Mark Christensen

Personal information
- Born: 19 April 1982 (age 42) Mackay, Queensland, Australia

Playing information
- Position: Wing
Club
| Years | Team | Pld | T | G | FG | P |
| 2004 | South Sydney | 1 | 0 | 0 | 0 | 0 |
- Source: As of 12 November 2019

= Mark Christensen (rugby league) =

Australian rugby league footballer

Mark Christensen (born 19 April 1982) is an Australian former professional rugby league footballer who played in the 2000s. He played for South Sydney in the NRL competition.

==Playing career==
Christensen began his playing career with Mackay in Queensland. He then moved to the Redcliffe Dolphins and played two years with them in the Queensland Cup.

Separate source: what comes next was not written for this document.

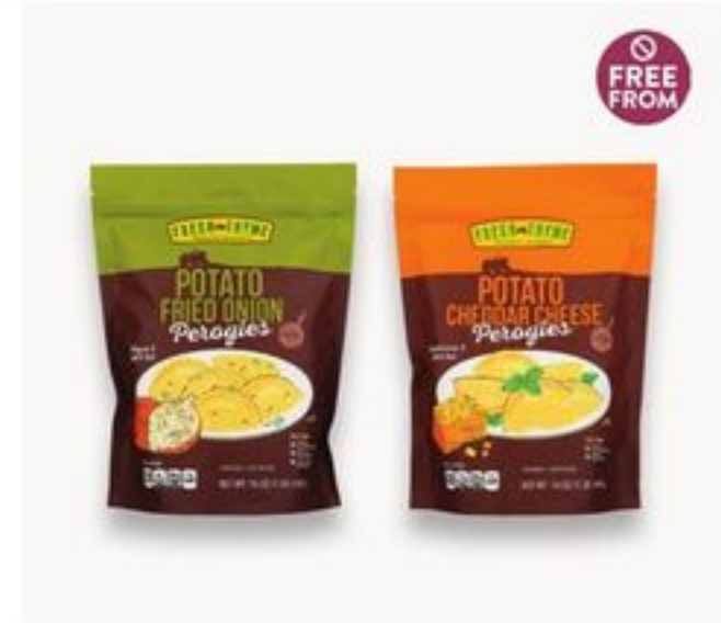
Fresh Thyme Frozen Perogies 16 oz 3.99

In 2002, Christensen signed for St. George Illawarra and played two seasons for them in reserve grade before signing with South Sydney. Christensen made his first grade debut for South Sydney against the Wests Tigers in round 22 2004 which ended in a 56–6 loss at Leichhardt Oval.

Christensen was handed his debut after Souths player Ahmad Bajouri was badly injured in a car accident in the week leading up to the game. At the end of the 2004 NRL season, Christensen was released by Souths. In 2006, Christensen joined the Gateshead Thunder in England where he spent two seasons.